From the material below, retype exactly the lines that begin at the line with "暈車貼伴您旅途愉快! 1. 取出適量暈車貼,撕開白色塑膠薄膜。" and end after the line with "Веселый маленький мальчик"; pictures stay out of the copy.

Exercise inputs:
════

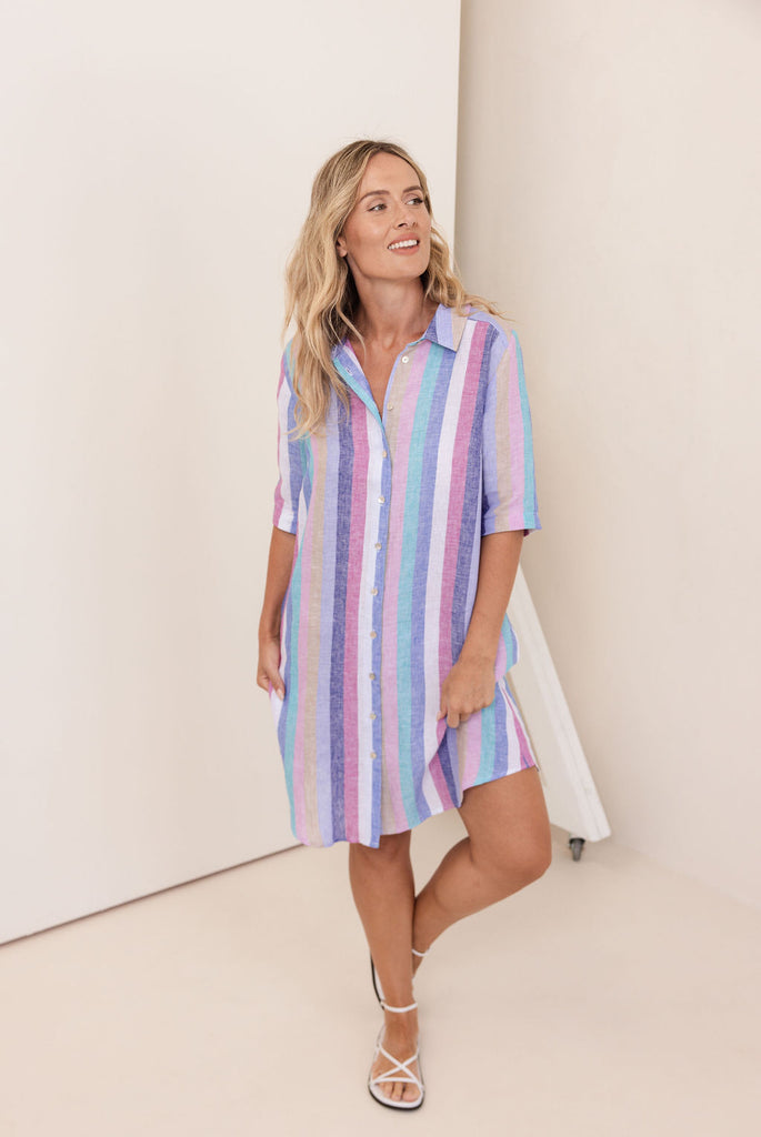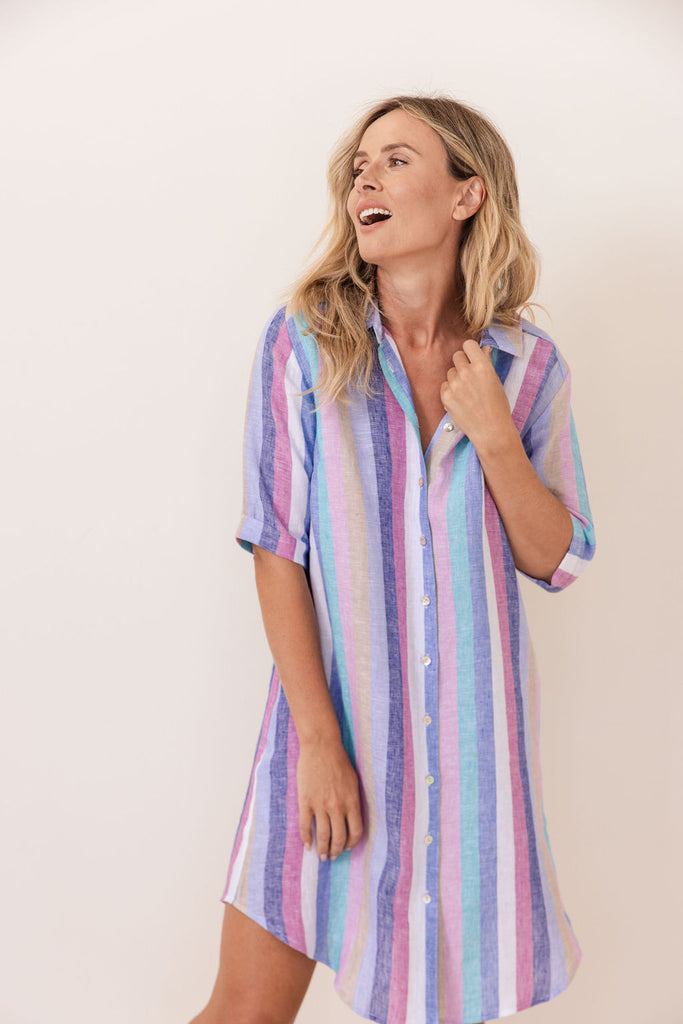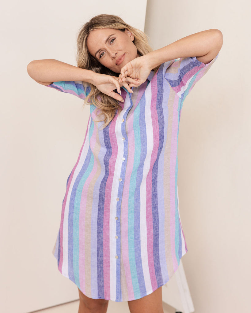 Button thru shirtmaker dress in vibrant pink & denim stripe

════

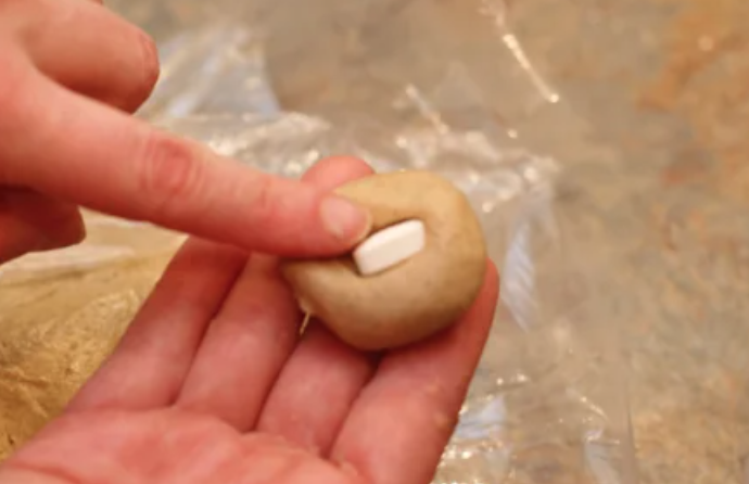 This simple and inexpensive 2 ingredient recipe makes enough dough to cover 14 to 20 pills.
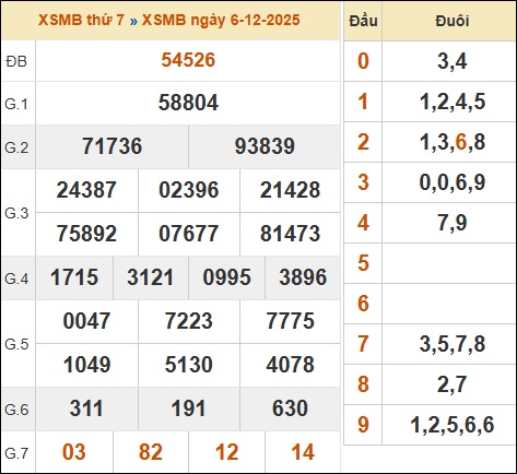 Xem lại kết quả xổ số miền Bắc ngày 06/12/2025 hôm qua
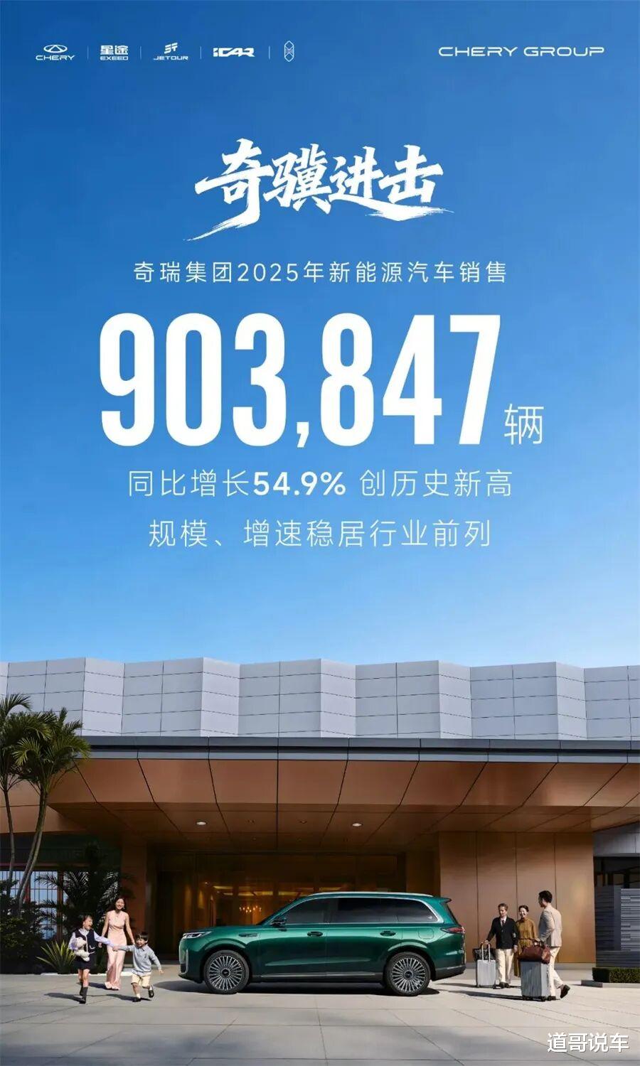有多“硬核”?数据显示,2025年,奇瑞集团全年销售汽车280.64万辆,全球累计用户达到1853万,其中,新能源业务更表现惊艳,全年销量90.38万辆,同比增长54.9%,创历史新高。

════

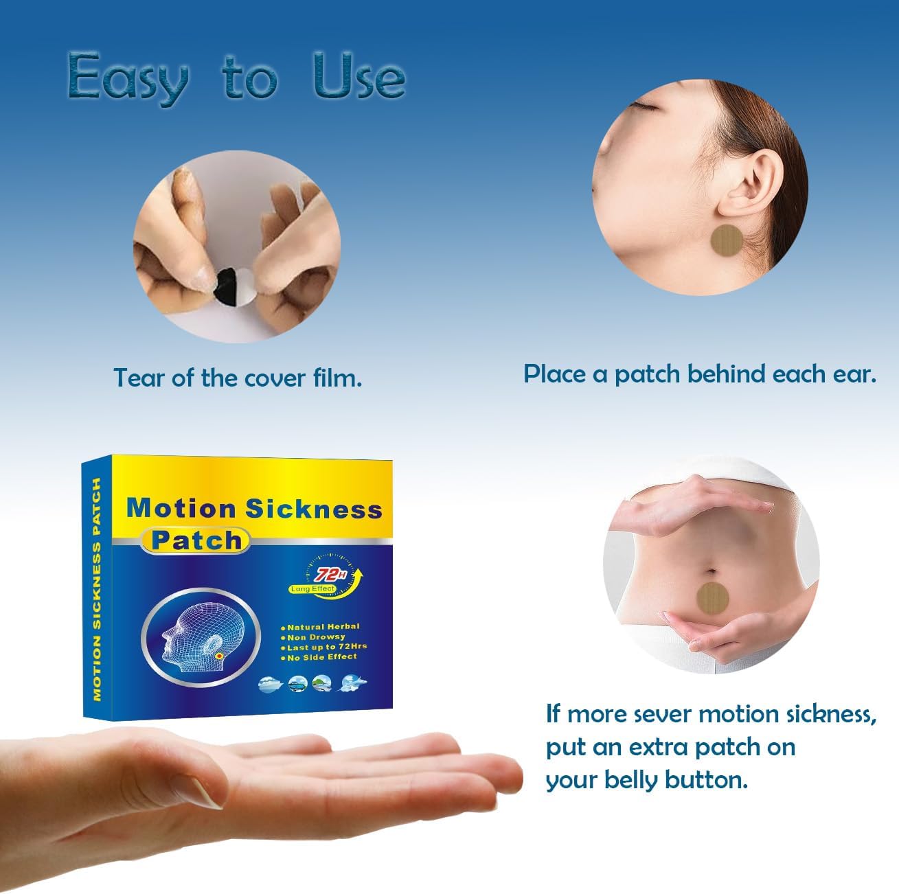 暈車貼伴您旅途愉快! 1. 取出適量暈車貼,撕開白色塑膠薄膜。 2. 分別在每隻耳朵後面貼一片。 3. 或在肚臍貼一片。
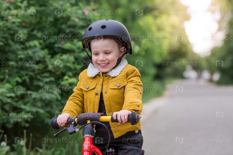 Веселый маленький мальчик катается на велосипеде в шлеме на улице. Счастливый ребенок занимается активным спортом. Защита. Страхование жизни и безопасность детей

════

Solution for this problem:
 暈車貼伴您旅途愉快! 1. 取出適量暈車貼,撕開白色塑膠薄膜。 2. 分別在每隻耳朵後面貼一片。 3. 或在肚臍貼一片。
 Веселый маленький мальчик катается на велосипеде в шлеме на улице. Счастливый ребенок занимается активным спортом. Защита. Страхование жизни и безопасность детей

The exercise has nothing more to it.